Just thinking about something else...
I really think that the courts will HAVE to side with the Church on this one...
If one commits mortal sins, aren’t they are always denied burial in Catholic cemeteries? As an example, people who commit suicide are denied burial in Catholic cemeteries. I may be wrong, but aren’t homosexual acts considered to be mortal sins as is suicide?
This would completely close the case.
Mark
(I am not a canon lawyer, so if I'm wrong here --- yes, it's possible! --- I will gratefully accept correction.)
What would disqualify a person, would be something objective and public.
Suicide used to bs considered such, but in my lifetime the thinking has swung around that suicides are often not in their right minds, and therefore not fully culpable for their actions. Lamentably, we just buried a 20-year-old suicide from our parish. There is a good presumption he was mentally ill, he had a background of psych treatment.
"Being homosexual" wouldn't disqualify a person from a Catholic funeral and burial in consecrated ground --- most of their sodomitical acts would have been private, which is to say, not displayed to observation, and who knows, the person might have repented on their deathbed--- but Gay "marriage" would, I think.

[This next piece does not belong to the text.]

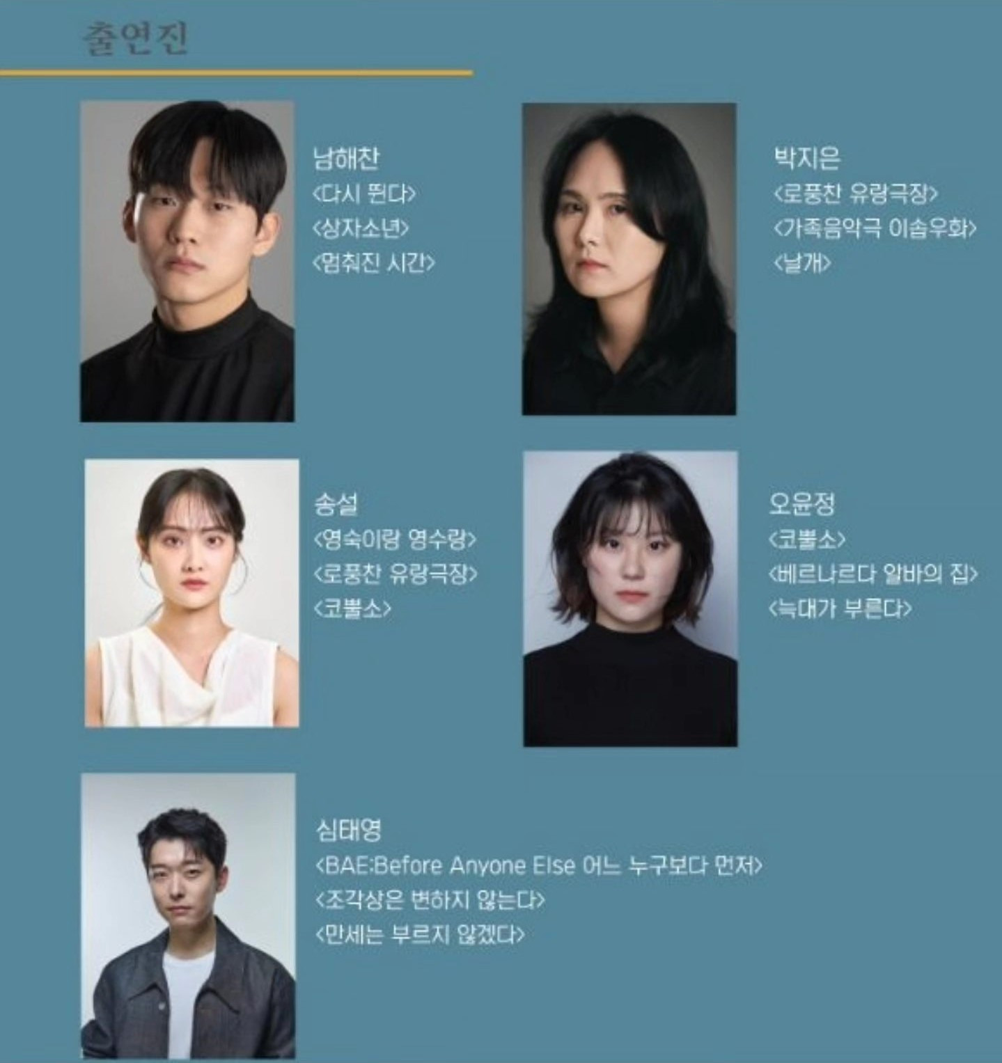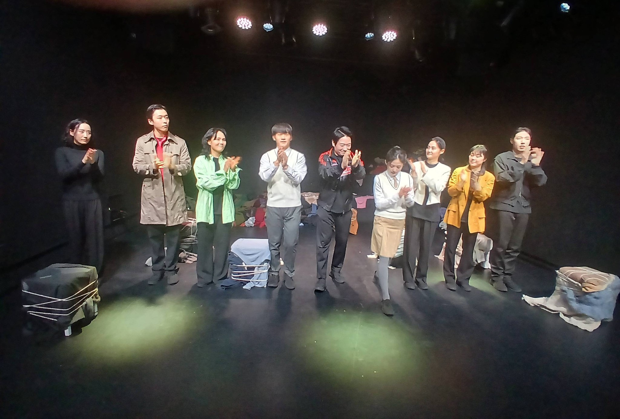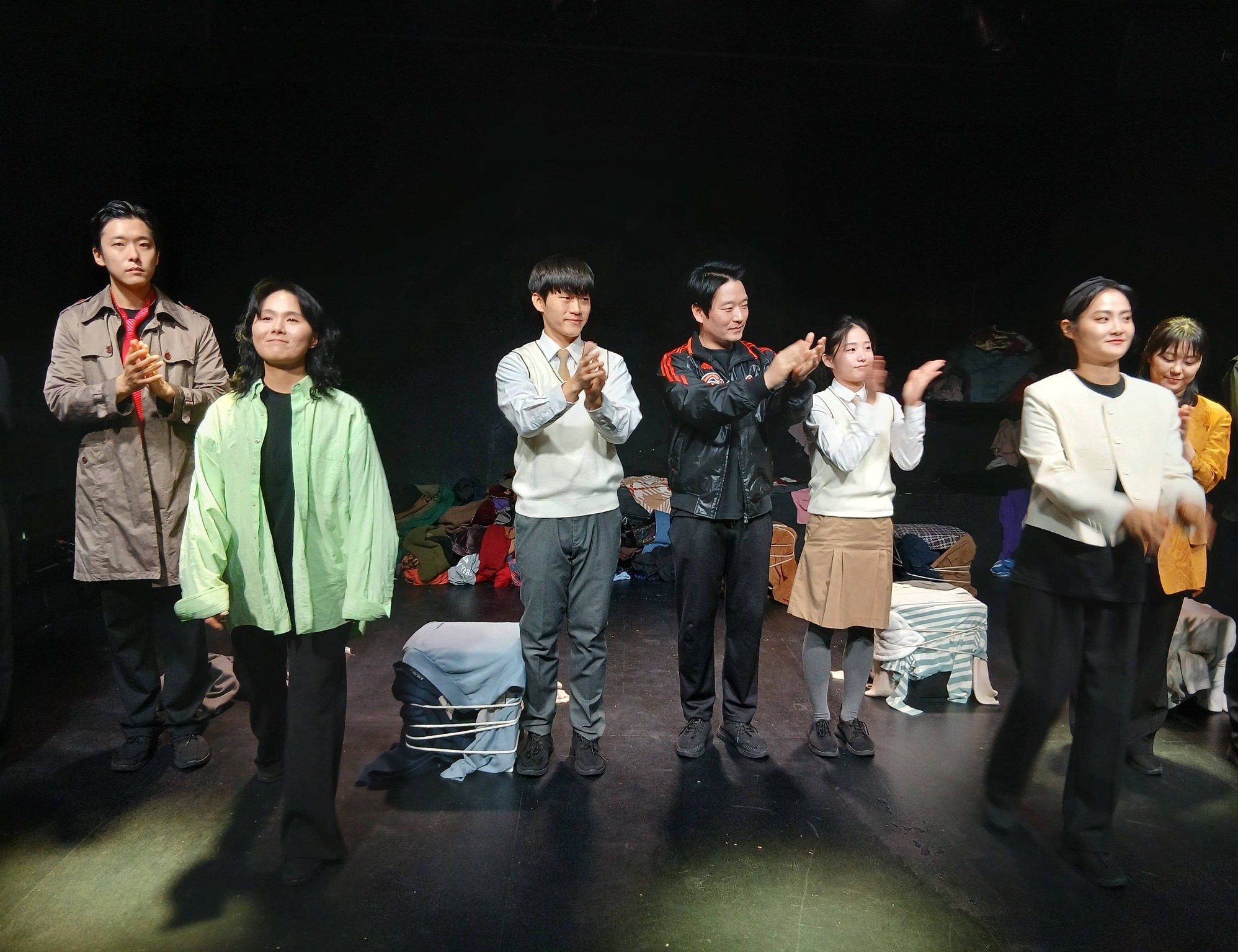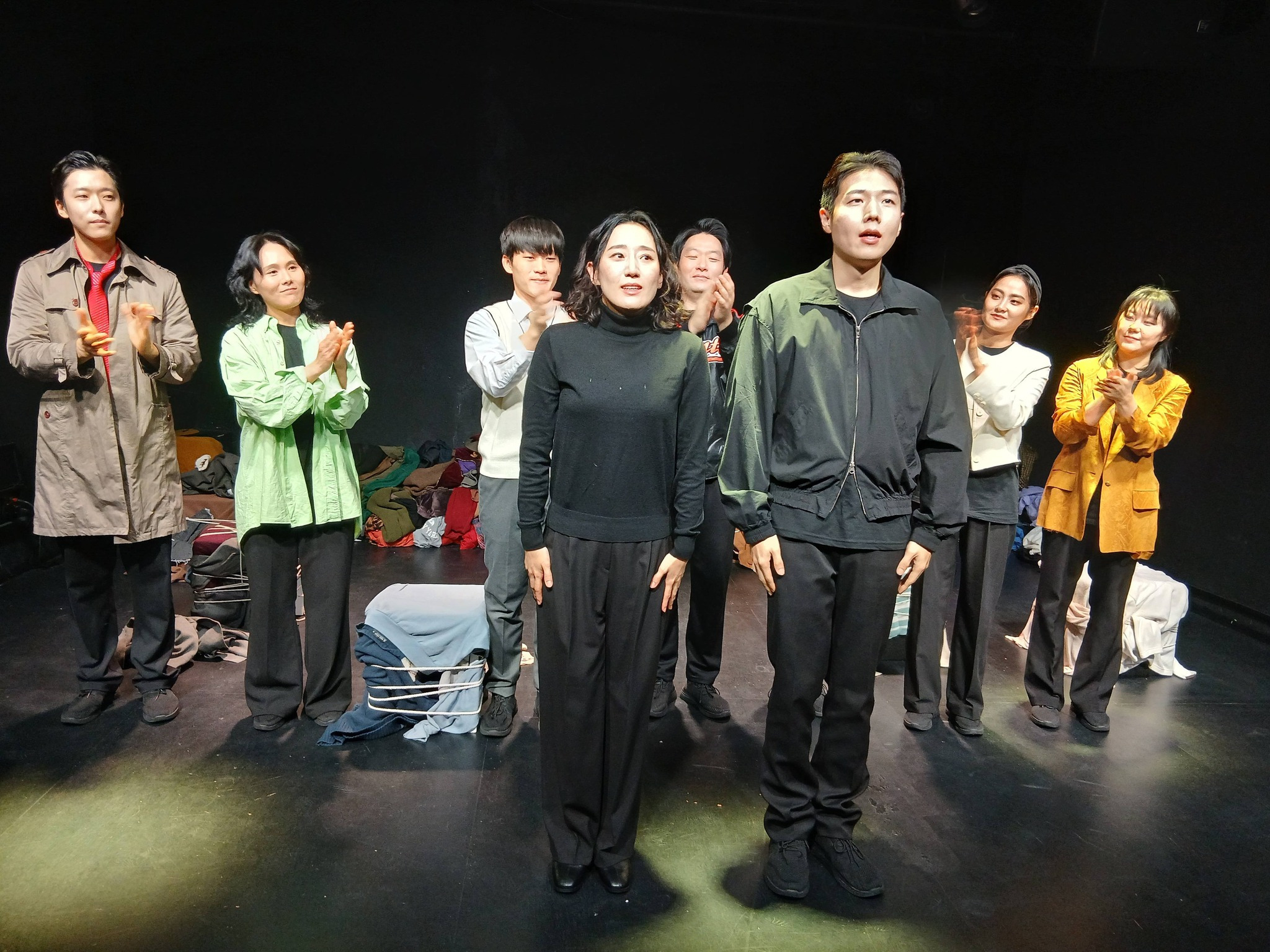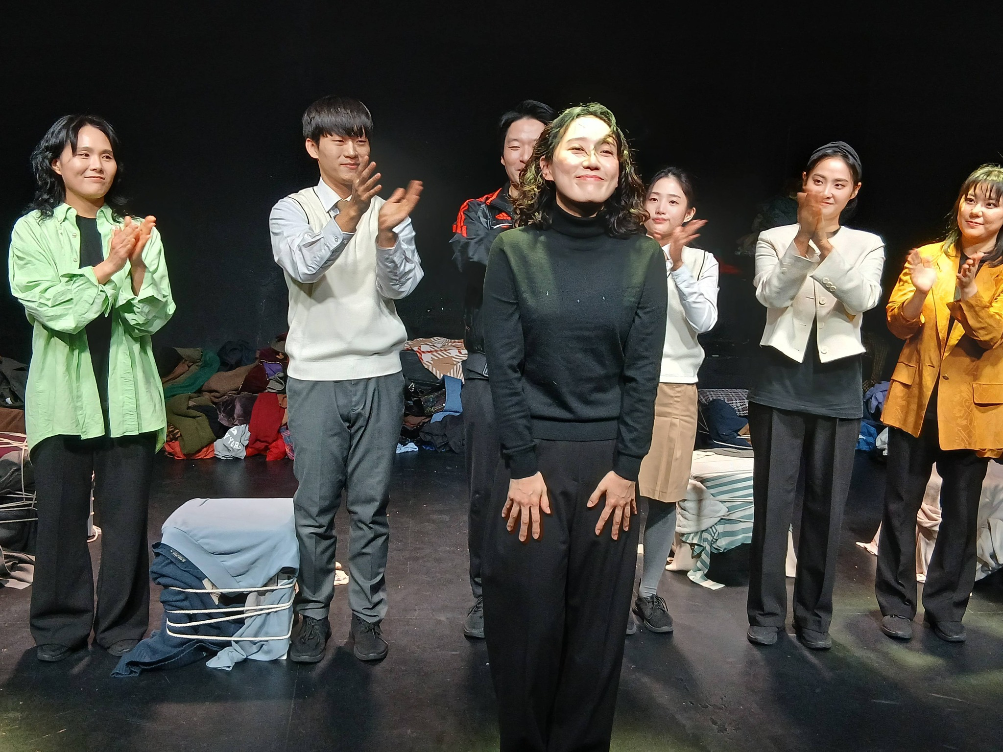 "H에게" (H이야기 1부 작,연출:황이선 조명디자인:호랑이삼촌 음악디자인:RAINBOW99 아트디렉터:유주영 현장진행:김지원 홍보물제작:공상집단 뚱딴지 출연:남해찬, 박지은, 송설, 오윤정, 염서현, 윤광희, 정다연, 최동균, 심태영 주최:공상집단 뚱딴지 극장:삼일로 창고극장 별점:★★★☆☆) 전작 "고요한 집" 을 봤었던 너무나 애정하는 극단인 공상집단 뚱딴지의 공연이다. <H에게> 는 3년간 '금지의 지금, 지금의 금지'라는 테마를 가지고 '여온의 Y이야기 3부작', '황이선의 H이야기 3부작' 을 기획하여 공상집단 뚱딴지에서 선보이는 2025년 창작 신작이다. 옷을 하나씩 끼워 입는게 특이하다. 다음 2부 작품도 기대된다.

Because of the public nature of marriage: it would be a visible, official, objective, manifest rejection of Catholic faith and morals.
Anybody else who knows the subject better than I do, please chime in.
This HEADSTONE thing, of course, is a public, open, obvious provocation. I agree with tax-chick: the cemetery just has to say No. Finis.
Well, if that’s true, I think the Church would have told them that when they said they wanted a faggot headstone.